Transcribe only the lines in the data below falling between the line with "傳統(tǒng)生產(chǎn)方式的成" and the line with "商品名:[Lomeri] ロメリ 水引アレンジの髪飾り", including those two lines, and leave out any picture.

● ● ● ● ●

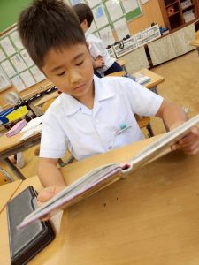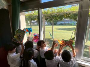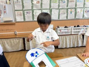 今日は、できあがった自分の作品やお友達の作品をじっくり見ました。
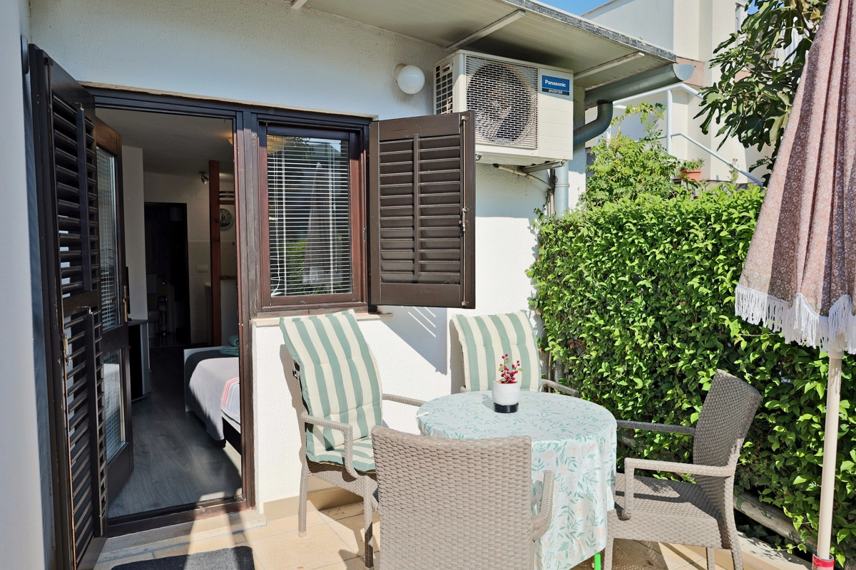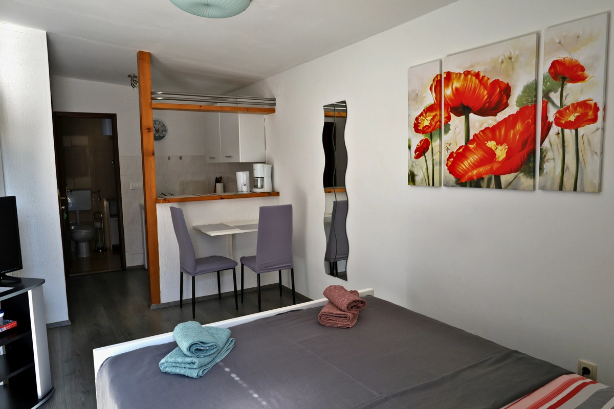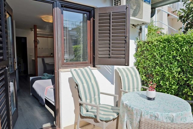 Il studio appartamento situato nella casa Rožar e' l’ideale per un soggiorno tranquillo e intimo. Questa casa gode di un'ottima location a soli 250 m dal mare e a 200 m dal centro citta. Il cortile recintato e la ben curata area circostante la casa vi assicurera la necessaria privacy e vi parra di trovarvi in un’oasi privata. La spiaggia piu vicina e quella prediletta dagli abitanti del posto e porta il titolo ufficioso di spiaggia piu bella della citta.
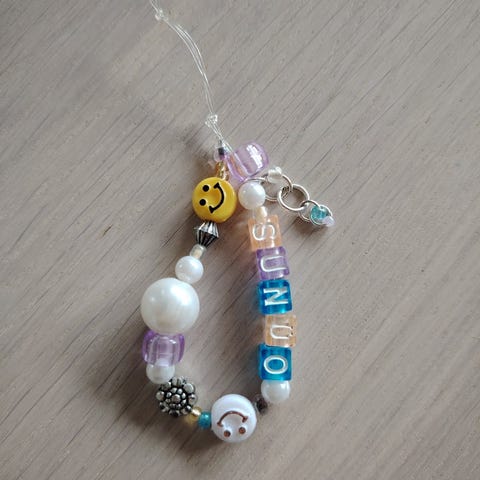 Halskjede med hvite perler og fargerike anheng
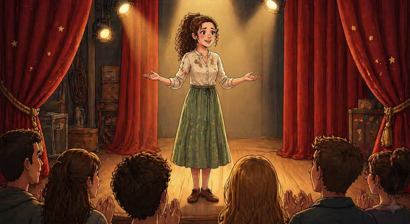 A függöny szétnyílik. Julcsi kilép a fénybe, nem zihálva, nem tördelve a kezét, hanem – mosolyogva. Szabadon. A megértés pajzsa megvédte a lámpaláztól. Nem a közönséget kell bohócnak nézni, hanem a fejedben lévő tudást kell rendbe tenni. A versek már nem titkos kódok, hanem a saját gondolatai. És az ember a saját gondolataitól miért félne?
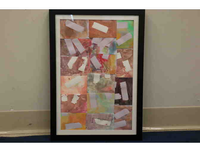 A collaborative Preschool watercolor piece featuring strips of negative space.
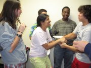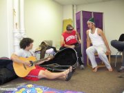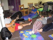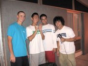 Getting ready for our talent show. Gregg (red) and Steve (white) had a rapping contest. We left out the videos for a reason. |
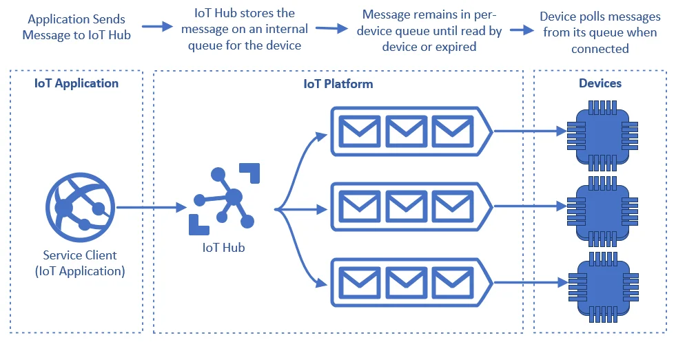 Commonly, IoT gadgets send telemetry from the sensors to move end administrations in the cloud. Be that as it may, different kinds of correspondence are conceivable, for example, a back-end administration sending orders to your gadgets. Coming up next are a few instances of gadget to-cloud and cloud-to-gadget correspondence:
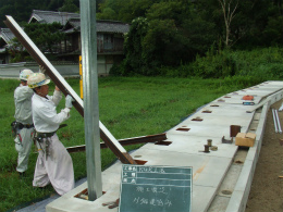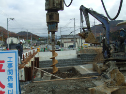 従来工法では防護柵設置時には、杭打ち作業やクレーン作業が続くため、作業現場内の作業スペースを大きく取る必要があります。 特に杭打ち作業で、路床の下が岩盤などの場合は、ダウンザホールハンマー等の工法選択することを余儀なくされ、長期間の粉塵、騒音公害の対策に悩まされ、加えて大きな作業スペースの確保に頭を悩ませていました。 しかしKGR工法ではPC版の設置以降は人力作業になる為、長期間大きな作業スペースは必要ありません。また、長期間クレーン等を使用しなくて済むため、クレーン災害に頭を悩ます事も減り、コスト削減と安全面の両方が確保できます。 |
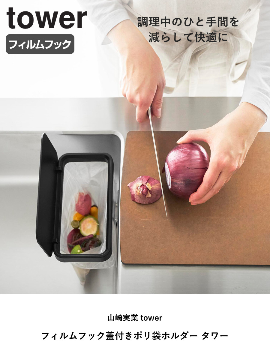 フィルムフックで取り付けできるポリ袋ホルダーです。調理スペース横のシンクに取り付ければ、まな板から野菜くずをスライドさせてそのまま捨てられます。
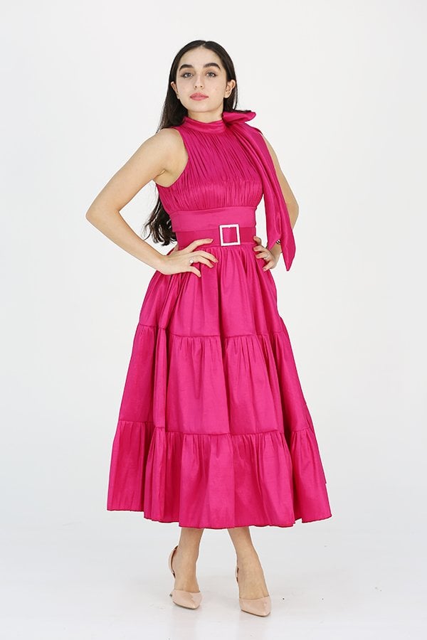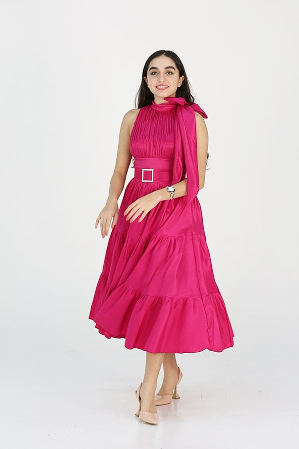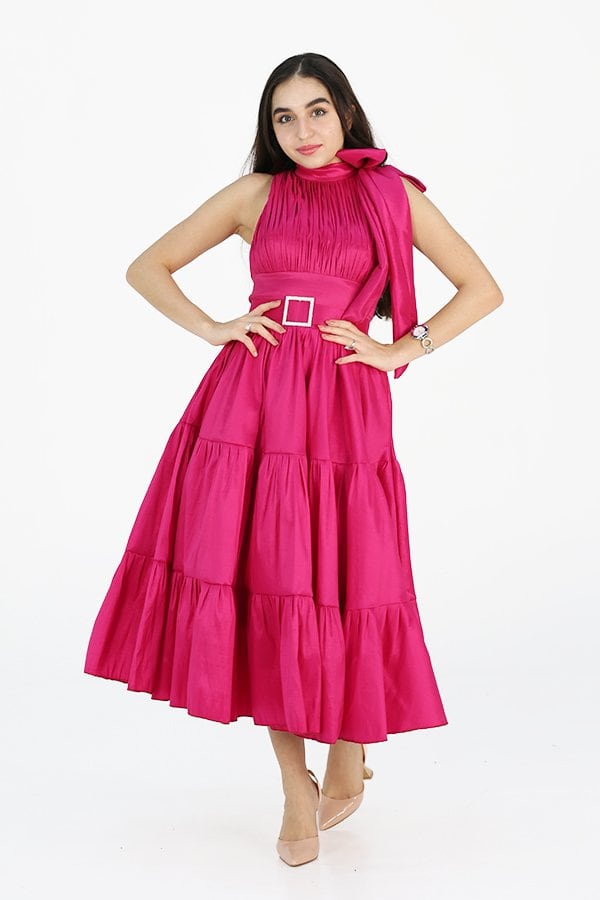 الفستان يحتوي على فيونكة أنيقة مع طبقات مميزة في الأسفل تضيف إلى التصميم حركة وحيوية، مما يجعله مثاليًا لإطلالة تجمع بين البساطة والفخامة. كما يأتي مزودًا بحزام أنيق يساهم في ضبط القياس بشكل مريح ويبرز الخصر بطريقة أنثوية جذابة. تصميمه الجميل وتفاصيله المميزة تجعل منه قطعة رائعة لا غنى عنها في خزانة كل امرأة تبحث عن التميز.
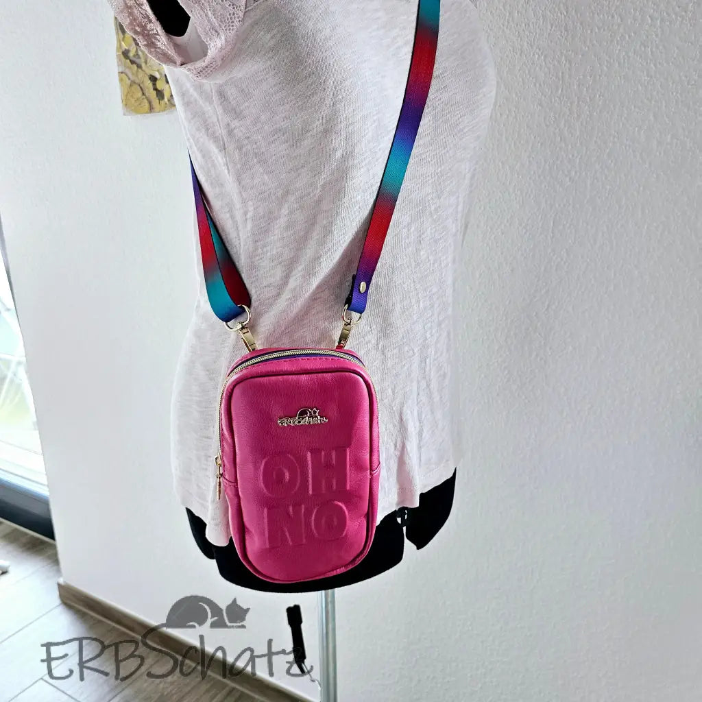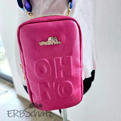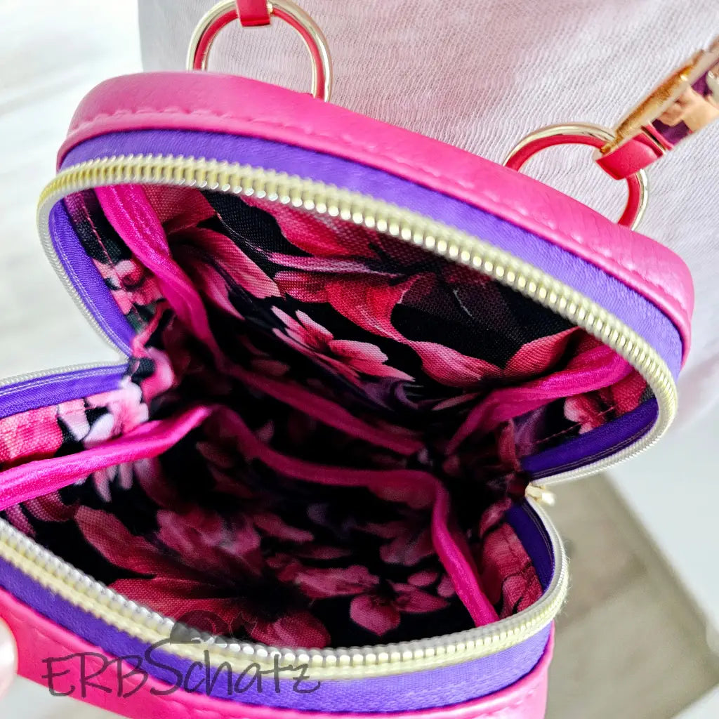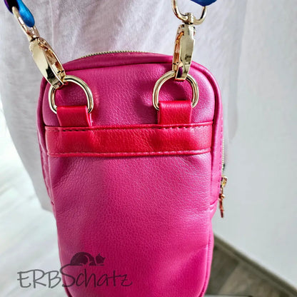 Handgefertigte Smartphone Tasche edlem Pink metallic Kunstleder und Trapunto Verzierung. Diese schöne kleine Smartphone Tasche ist klein und minimalistisch gestaltet - dennoch groß genug, um Dein Smartphone und ein paar weitere Kleinigkeiten darin unterzubringen. Die Tasche ist außen komplett aus Kunstleder gefertigt und wird mit einem Reißverschluss sicher verschlossen. Das schöne farblich passende Gurtband, sowie Hardware und Design Zipper in edlem Gold runden das schöne Design ab.
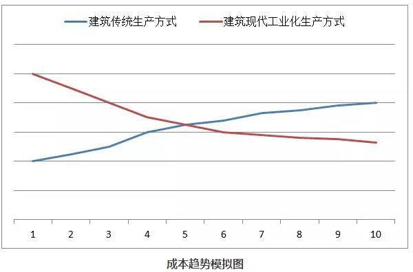 傳統(tǒng)生產(chǎn)方式的成本上升與工業(yè)現(xiàn)代化生產(chǎn)方式的成本下降,這是不可扭轉(zhuǎn)的發(fā)展趨勢!兩者終將在某個(gè)時(shí)間點(diǎn)相遇,當(dāng)工業(yè)現(xiàn)代化生產(chǎn)方式下的成本低于傳統(tǒng)生產(chǎn)方式時(shí),也是建筑工業(yè)現(xiàn)代化生產(chǎn)方式大面積取代建筑傳統(tǒng)生產(chǎn)方式的時(shí)間點(diǎn)。
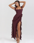 Women's Square Neckline Maxi Dress with Ruffle Trim and High Front Slit
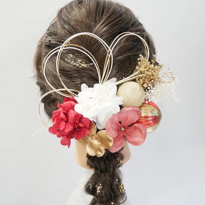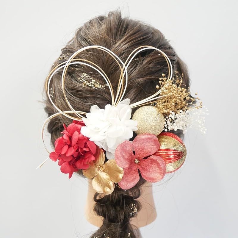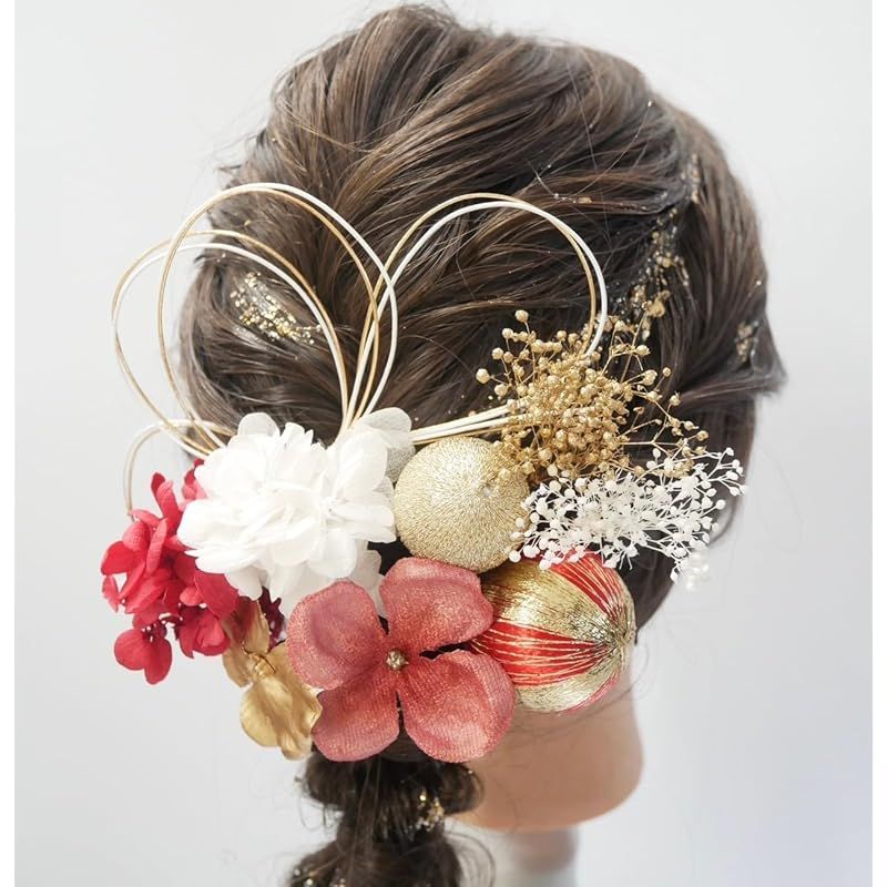 商品名:[Lomeri] ロメリ 水引アレンジの髪飾り ドライフラワー 成人式 卒業式 結婚式 袴 A206 (白×赤)
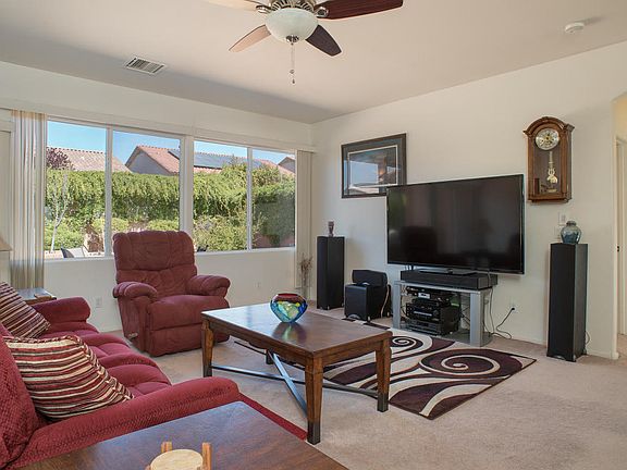 Fabulous landscaping with flagstone, flowering plants and trees. Immaculate home just painted inside and out. Lovely views from front and back patios. Four bay windows let in lots of natural light. Dine in kitchen with an island, pantry and breakfast bar. Large master with walk-in-closet and full bath. Spacious den that could be a third bedroom. Extra storage room. Fabulous Clubhouse with pool, spa, billiards, work out room, kitchen, card room and outdoor grill too. Join the fun lifestyle. Do you know the way to Verde Santa Fe? The way home!
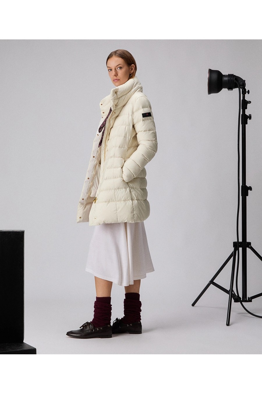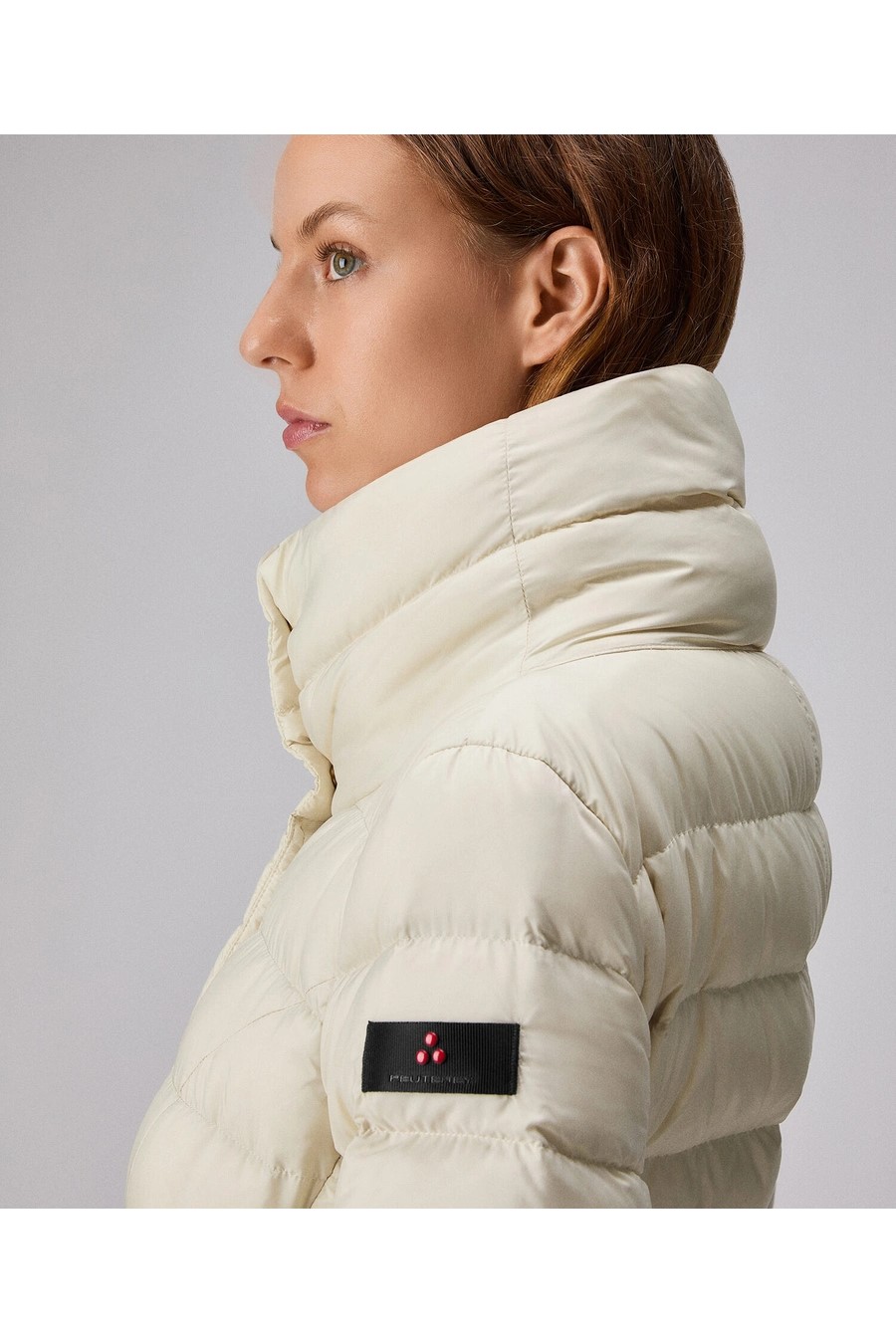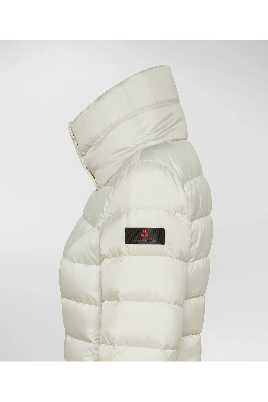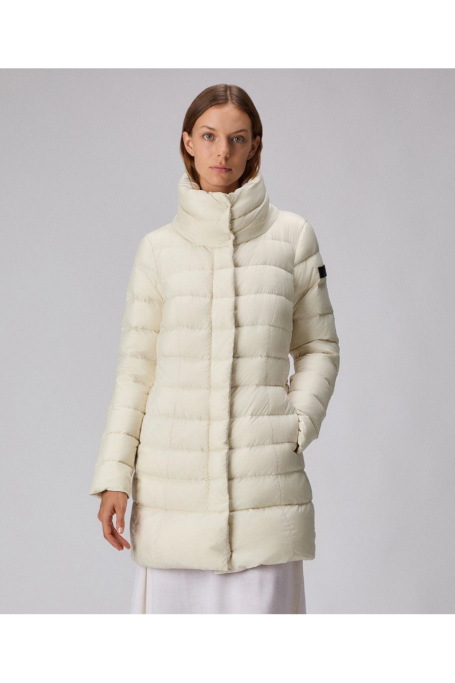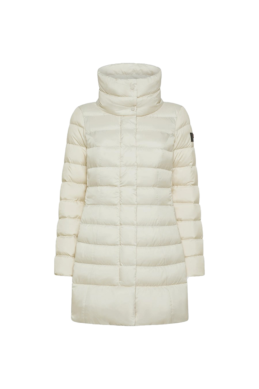 Peuterey long down jacket with high collar in super-light narrow-channel fabric, made from 100% recycled polyester, treated with PFC-free technology that guarantees water repellency without the use of harmful chemicals, certified natural down filling, front closure with double-slider zip and press studs, concealed by a flap, two large side pockets at hip height.

● ● ● ● ●

### EXERCISE RESULT
 傳統(tǒng)生產(chǎn)方式的成本上升與工業(yè)現(xiàn)代化生產(chǎn)方式的成本下降,這是不可扭轉(zhuǎn)的發(fā)展趨勢!兩者終將在某個(gè)時(shí)間點(diǎn)相遇,當(dāng)工業(yè)現(xiàn)代化生產(chǎn)方式下的成本低于傳統(tǒng)生產(chǎn)方式時(shí),也是建筑工業(yè)現(xiàn)代化生產(chǎn)方式大面積取代建筑傳統(tǒng)生產(chǎn)方式的時(shí)間點(diǎn)。
 Women's Square Neckline Maxi Dress with Ruffle Trim and High Front Slit
 商品名:[Lomeri] ロメリ 水引アレンジの髪飾り ドライフラワー 成人式 卒業式 結婚式 袴 A206 (白×赤)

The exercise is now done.